■ **Assignment**
Within the listing below, please copy exactly the lines between the line holding "이광재 전 국회 사무총장이" and the line holding "这款鞋子是AAAAA 1:1 质量", inclusive.

■ **Records shown**

----------------

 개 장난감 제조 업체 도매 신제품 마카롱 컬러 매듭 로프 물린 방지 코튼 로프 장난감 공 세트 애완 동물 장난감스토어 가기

----------------

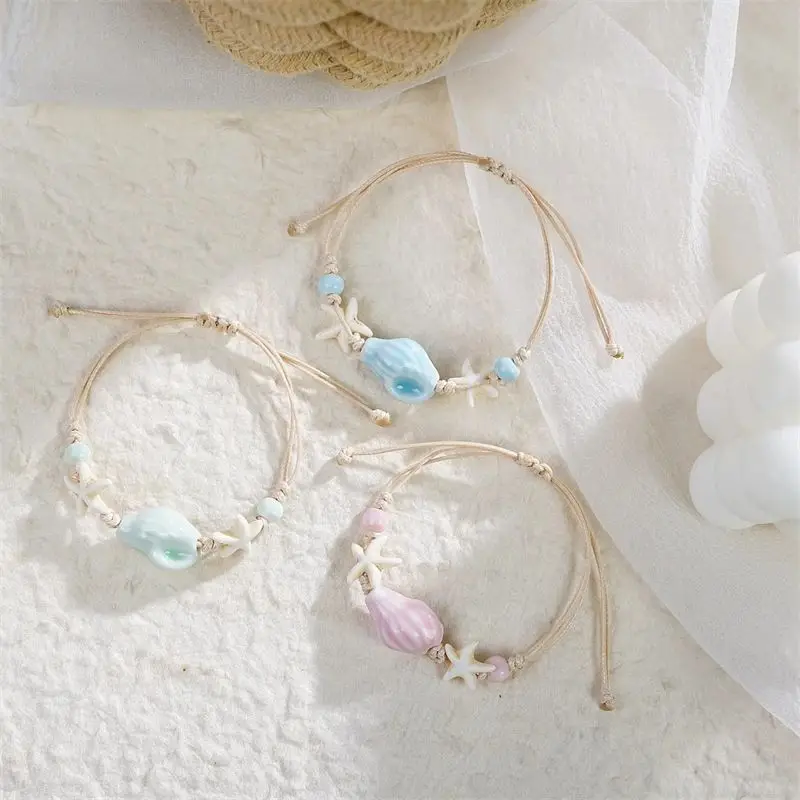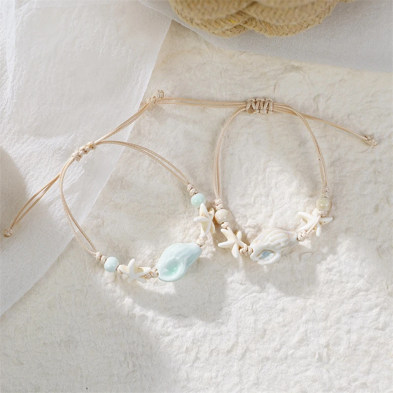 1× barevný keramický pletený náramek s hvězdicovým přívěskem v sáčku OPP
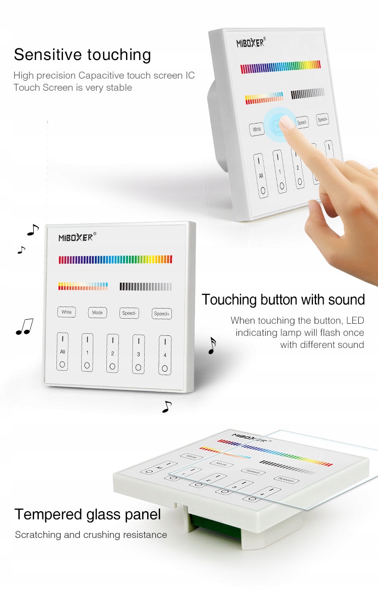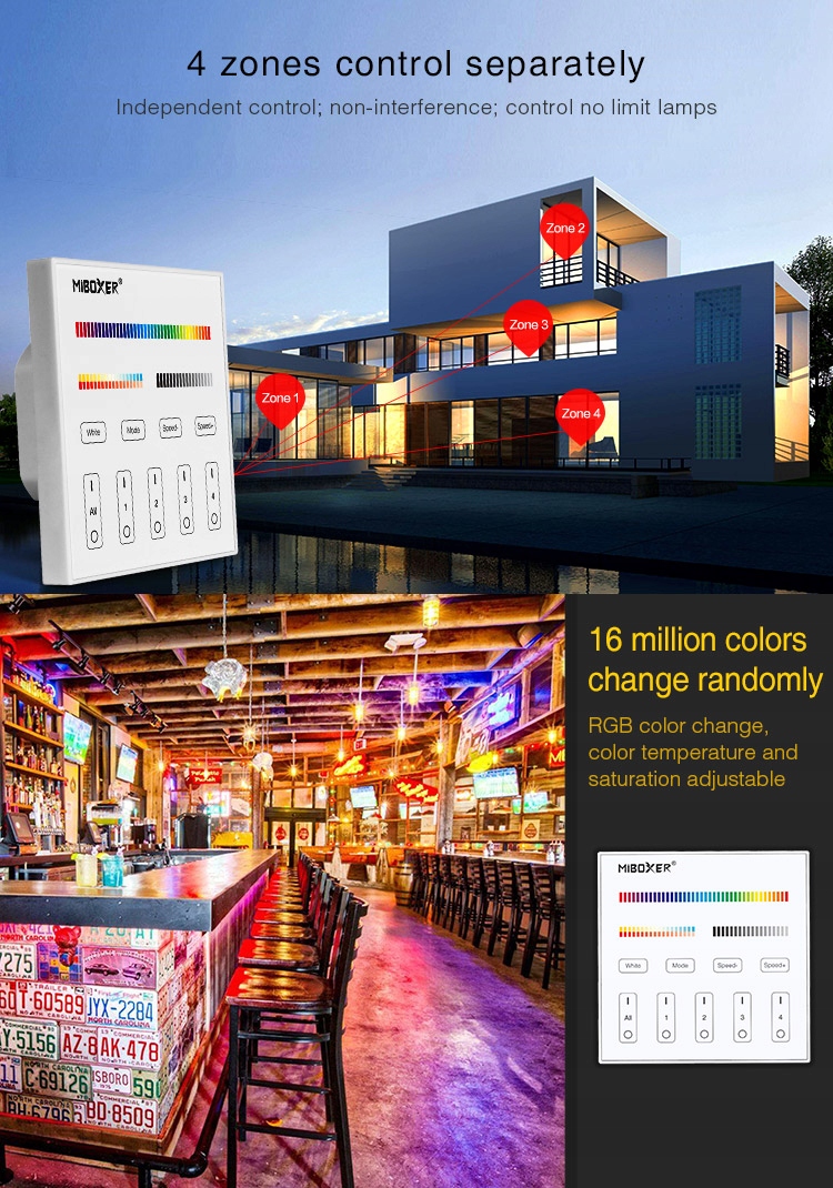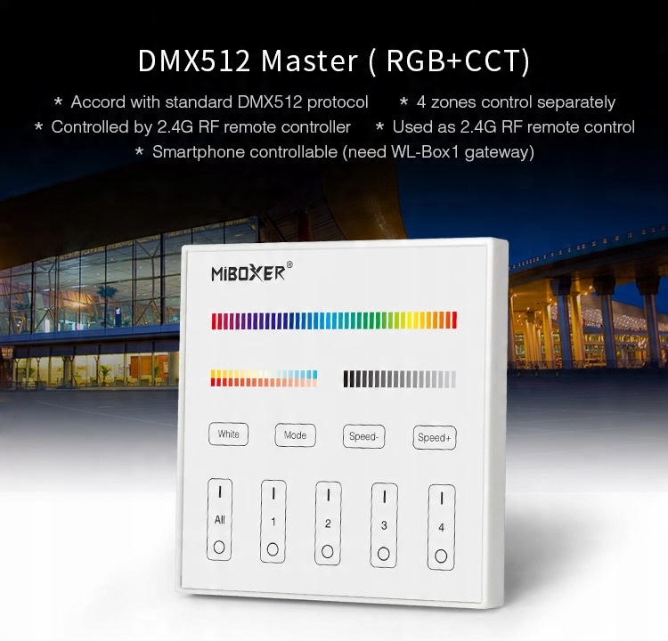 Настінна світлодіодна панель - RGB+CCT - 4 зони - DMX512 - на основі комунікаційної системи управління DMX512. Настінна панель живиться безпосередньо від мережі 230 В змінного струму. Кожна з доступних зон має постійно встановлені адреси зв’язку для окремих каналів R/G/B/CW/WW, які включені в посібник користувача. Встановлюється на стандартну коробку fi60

----------------

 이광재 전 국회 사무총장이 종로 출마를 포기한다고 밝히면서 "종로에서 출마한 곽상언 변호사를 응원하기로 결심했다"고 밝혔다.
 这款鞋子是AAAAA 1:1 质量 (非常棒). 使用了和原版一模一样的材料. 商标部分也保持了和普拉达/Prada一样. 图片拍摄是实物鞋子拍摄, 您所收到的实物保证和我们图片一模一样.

----------------

■ **Response to the exercise**
 이광재 전 국회 사무총장이 종로 출마를 포기한다고 밝히면서 "종로에서 출마한 곽상언 변호사를 응원하기로 결심했다"고 밝혔다.
 这款鞋子是AAAAA 1:1 质量 (非常棒). 使用了和原版一模一样的材料. 商标部分也保持了和普拉达/Prada一样. 图片拍摄是实物鞋子拍摄, 您所收到的实物保证和我们图片一模一样.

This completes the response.